Когда он опять спустился вниз, плавали уже обе. На подъездной аллее он вылил содержимое банки и забросал снегом. Его вырвало, рвоту он тоже забросал.

Кранц был в ярости. Он хотел, по крайней мере, устроить похороны, но выпало много снега, и трупики найти не удалось.

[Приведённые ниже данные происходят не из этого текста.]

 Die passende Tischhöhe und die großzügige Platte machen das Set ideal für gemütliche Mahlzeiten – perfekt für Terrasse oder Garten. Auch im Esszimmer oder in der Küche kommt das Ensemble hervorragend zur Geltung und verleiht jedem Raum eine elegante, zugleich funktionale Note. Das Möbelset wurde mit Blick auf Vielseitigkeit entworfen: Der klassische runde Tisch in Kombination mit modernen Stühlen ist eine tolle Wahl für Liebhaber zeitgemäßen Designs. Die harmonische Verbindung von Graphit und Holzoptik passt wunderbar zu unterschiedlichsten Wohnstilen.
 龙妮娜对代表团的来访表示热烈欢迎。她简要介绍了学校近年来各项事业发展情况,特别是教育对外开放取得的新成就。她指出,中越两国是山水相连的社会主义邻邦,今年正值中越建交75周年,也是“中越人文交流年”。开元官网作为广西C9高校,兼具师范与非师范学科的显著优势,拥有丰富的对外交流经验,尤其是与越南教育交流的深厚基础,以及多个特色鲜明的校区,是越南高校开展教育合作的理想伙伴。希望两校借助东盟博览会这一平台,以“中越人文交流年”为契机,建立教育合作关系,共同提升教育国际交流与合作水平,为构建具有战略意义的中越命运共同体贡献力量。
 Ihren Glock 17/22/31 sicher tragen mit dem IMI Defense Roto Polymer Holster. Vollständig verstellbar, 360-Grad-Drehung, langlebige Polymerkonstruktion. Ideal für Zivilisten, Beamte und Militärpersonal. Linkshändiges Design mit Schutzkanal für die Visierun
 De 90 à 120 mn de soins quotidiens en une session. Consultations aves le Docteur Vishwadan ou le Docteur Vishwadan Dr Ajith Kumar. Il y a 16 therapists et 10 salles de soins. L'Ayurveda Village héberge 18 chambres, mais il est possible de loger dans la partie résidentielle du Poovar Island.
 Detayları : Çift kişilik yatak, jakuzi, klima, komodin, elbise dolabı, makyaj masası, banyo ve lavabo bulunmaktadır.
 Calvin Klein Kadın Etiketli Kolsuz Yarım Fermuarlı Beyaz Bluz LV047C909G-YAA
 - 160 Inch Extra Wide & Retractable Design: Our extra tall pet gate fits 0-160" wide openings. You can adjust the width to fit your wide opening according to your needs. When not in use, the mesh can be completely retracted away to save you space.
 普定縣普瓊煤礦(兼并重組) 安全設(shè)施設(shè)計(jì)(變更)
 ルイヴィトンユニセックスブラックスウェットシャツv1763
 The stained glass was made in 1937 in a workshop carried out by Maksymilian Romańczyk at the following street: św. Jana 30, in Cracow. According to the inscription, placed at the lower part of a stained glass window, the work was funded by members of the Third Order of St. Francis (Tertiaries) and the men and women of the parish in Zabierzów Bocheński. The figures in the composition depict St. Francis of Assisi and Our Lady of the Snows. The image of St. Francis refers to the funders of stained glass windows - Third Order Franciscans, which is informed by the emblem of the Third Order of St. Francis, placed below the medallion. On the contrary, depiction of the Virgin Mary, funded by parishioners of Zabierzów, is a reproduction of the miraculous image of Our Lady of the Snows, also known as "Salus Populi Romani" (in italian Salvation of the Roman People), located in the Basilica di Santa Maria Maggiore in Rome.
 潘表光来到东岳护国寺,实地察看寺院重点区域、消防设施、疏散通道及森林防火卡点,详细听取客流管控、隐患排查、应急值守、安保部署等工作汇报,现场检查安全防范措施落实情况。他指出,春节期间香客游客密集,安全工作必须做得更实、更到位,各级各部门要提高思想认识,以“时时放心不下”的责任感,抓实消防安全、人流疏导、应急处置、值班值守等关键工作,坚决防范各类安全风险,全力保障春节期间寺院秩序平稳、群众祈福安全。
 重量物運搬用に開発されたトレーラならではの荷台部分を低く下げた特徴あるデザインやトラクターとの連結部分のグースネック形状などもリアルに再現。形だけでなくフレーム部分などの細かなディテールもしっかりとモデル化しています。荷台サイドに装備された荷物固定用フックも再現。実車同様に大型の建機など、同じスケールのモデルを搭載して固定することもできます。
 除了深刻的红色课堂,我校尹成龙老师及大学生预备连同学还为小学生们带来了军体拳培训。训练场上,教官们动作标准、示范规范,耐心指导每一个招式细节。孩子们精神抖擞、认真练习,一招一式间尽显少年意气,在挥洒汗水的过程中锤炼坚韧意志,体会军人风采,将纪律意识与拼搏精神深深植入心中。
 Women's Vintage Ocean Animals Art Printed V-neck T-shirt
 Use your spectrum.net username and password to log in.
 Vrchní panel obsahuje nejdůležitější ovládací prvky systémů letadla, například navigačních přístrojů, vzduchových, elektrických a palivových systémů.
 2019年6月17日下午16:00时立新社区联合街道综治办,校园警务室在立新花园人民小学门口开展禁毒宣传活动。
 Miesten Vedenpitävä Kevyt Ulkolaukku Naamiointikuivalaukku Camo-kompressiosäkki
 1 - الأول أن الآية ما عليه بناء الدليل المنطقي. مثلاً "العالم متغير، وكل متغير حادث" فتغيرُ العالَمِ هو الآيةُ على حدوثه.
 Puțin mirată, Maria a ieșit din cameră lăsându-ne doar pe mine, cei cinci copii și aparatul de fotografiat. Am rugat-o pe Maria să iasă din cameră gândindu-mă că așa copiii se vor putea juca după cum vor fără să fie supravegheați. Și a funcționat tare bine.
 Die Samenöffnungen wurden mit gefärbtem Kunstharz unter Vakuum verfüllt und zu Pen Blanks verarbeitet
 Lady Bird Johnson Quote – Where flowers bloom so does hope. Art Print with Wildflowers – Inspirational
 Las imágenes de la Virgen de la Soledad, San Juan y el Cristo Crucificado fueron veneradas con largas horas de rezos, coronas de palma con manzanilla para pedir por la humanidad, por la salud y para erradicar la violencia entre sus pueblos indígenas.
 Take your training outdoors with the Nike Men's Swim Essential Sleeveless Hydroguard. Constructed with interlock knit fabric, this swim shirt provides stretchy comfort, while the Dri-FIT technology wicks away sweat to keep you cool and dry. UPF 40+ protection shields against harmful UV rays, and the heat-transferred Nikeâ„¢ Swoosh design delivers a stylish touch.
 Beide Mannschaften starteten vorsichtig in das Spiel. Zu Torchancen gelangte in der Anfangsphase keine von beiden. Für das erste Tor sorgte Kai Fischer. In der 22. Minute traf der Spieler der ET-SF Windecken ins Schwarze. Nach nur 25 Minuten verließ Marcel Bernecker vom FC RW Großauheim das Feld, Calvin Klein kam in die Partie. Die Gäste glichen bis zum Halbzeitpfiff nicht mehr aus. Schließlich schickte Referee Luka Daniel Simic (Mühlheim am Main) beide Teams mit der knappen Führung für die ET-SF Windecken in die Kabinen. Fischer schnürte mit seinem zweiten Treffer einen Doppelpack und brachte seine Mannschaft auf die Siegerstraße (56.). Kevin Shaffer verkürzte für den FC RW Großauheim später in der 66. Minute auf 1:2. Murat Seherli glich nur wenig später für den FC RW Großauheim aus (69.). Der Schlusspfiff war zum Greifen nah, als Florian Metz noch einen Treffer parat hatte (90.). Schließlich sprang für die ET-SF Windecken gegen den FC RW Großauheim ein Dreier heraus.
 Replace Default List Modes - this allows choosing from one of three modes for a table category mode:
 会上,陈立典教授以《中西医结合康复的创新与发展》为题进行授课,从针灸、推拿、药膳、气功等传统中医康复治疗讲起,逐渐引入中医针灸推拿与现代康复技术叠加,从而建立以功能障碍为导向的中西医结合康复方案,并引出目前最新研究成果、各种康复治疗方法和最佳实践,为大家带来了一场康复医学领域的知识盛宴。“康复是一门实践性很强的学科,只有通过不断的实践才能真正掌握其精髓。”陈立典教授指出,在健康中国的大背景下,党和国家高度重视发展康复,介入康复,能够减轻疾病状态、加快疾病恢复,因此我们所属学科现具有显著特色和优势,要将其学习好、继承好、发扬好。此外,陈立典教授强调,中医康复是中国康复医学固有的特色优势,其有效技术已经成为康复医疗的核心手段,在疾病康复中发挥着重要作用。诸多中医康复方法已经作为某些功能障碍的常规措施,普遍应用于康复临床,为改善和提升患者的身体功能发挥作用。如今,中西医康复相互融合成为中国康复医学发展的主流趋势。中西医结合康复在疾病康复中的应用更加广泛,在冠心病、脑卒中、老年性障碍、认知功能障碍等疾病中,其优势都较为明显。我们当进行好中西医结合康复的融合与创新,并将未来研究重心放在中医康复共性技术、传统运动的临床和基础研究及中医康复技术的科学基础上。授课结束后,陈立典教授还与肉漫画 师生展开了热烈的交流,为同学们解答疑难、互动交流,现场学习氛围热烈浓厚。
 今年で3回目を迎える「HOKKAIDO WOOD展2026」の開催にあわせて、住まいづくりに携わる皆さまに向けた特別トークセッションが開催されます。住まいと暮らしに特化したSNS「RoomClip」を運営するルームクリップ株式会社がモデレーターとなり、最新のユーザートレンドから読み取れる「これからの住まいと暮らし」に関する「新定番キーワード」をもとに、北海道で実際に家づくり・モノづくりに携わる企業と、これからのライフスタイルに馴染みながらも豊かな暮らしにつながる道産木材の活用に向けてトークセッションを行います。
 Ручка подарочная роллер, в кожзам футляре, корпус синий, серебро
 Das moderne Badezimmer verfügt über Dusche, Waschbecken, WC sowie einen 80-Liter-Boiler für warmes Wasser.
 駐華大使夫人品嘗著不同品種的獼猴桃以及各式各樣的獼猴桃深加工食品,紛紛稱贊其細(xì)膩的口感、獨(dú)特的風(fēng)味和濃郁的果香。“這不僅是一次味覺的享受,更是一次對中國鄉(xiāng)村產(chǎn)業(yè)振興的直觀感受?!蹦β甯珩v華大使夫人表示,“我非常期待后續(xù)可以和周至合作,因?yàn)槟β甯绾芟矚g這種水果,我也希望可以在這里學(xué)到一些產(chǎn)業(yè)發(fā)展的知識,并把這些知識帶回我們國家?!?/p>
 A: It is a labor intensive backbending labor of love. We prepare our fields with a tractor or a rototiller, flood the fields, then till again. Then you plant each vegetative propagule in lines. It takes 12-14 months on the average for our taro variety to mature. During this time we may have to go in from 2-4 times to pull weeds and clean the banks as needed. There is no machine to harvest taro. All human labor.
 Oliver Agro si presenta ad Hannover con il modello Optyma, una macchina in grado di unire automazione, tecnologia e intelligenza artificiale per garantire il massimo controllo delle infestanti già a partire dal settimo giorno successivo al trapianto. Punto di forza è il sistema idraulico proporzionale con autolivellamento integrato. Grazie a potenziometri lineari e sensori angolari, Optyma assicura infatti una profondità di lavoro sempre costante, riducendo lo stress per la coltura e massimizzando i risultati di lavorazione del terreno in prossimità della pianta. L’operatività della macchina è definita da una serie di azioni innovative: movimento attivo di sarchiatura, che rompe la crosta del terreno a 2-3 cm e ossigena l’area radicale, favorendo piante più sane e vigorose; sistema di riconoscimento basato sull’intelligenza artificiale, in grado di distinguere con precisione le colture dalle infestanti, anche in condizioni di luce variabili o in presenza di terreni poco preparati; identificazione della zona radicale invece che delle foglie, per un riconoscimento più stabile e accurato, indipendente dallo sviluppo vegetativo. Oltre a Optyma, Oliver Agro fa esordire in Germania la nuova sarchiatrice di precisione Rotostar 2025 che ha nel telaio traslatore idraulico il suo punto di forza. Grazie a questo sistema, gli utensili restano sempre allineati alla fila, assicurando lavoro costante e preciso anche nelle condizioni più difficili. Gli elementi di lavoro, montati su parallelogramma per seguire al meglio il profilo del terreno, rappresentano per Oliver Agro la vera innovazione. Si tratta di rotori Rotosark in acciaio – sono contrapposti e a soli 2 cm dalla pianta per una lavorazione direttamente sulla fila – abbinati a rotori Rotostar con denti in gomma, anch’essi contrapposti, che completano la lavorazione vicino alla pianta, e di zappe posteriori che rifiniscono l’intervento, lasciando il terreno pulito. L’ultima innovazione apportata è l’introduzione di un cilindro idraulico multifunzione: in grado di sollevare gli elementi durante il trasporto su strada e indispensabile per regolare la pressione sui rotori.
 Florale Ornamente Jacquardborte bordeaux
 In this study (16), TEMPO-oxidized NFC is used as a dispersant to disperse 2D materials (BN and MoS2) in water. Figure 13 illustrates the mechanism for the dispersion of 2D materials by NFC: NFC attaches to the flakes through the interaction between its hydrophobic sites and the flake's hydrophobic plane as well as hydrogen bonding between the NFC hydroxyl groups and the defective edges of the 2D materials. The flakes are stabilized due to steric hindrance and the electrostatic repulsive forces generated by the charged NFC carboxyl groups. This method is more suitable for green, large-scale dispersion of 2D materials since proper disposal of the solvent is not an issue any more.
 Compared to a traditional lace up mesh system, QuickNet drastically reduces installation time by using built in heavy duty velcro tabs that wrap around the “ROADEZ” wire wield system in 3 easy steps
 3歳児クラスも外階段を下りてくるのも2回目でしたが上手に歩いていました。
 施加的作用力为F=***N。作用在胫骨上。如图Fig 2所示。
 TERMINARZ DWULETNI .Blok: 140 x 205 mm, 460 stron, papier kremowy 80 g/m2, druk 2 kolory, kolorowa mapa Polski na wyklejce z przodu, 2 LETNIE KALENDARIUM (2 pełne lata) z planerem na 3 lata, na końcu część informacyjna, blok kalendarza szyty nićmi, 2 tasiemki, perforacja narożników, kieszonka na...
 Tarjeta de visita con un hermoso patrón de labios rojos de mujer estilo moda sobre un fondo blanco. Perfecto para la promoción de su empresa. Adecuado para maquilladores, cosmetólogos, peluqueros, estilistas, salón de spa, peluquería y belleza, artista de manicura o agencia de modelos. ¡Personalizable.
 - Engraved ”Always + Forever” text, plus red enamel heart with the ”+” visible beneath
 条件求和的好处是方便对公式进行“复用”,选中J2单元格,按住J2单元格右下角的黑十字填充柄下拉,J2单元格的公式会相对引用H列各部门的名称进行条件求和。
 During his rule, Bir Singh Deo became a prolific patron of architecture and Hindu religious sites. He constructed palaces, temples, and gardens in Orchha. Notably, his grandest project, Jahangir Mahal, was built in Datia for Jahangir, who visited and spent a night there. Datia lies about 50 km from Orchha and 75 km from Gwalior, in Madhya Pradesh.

Когда пришла весна, они набросились на островки грязного снега в аллее. Ничего. Кранц сказал, что, учитывая положение вещей, Бривман за белую крысу должен ему денег. Кранц свою одолжил, а назад не получил ничего, даже скелета. Бривман сказал, что больницы ничего не платят, когда там кто-нибудь умирает. Кранц сказал, что когда что-то кому-то одалживаешь, и человек эту вещь теряет, он должен за нее заплатить. Бривман сказал, что когда оно живое, оно не вещь, а кроме того, он сделал Кранцу одолжение, согласившись присмотреть за крысой. Кранц сказал, что убийство крысы – такое себе одолжение, и они разрешили этот вопрос в драке на влажном гравии. Потом отправились в центр и купили новых.

Крыса Бривмана сбежала и поселилась в чулане под лестницей. Он видел ее глаза, когда светил туда фонариком. Несколько дней он по утрам ставил перед дверью воздушную пшеницу, и видел, что ее грызли, но вскоре бросил с этим возиться.

Когда наступило лето, и убрали ставни с занавесками, кто-то нашел маленький скелет. К нему прилипли клочки шерсти. Скелет кинули в мусорный ящик.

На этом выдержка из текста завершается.